_Entries shown_
··········

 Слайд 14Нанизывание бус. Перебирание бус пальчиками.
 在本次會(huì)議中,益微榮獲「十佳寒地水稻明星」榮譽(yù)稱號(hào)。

··········

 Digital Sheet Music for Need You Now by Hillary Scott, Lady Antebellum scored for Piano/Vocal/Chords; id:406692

··········

_What the exercise asks_
What you return should be exactly the lines above, starting at the one with "Слайд 14Нанизывание бус." and ending at the one with "在本次會(huì)議中,益微", and nothing else.

_Result of this task_
 Слайд 14Нанизывание бус. Перебирание бус пальчиками.
 在本次會(huì)議中,益微榮獲「十佳寒地水稻明星」榮譽(yù)稱號(hào)。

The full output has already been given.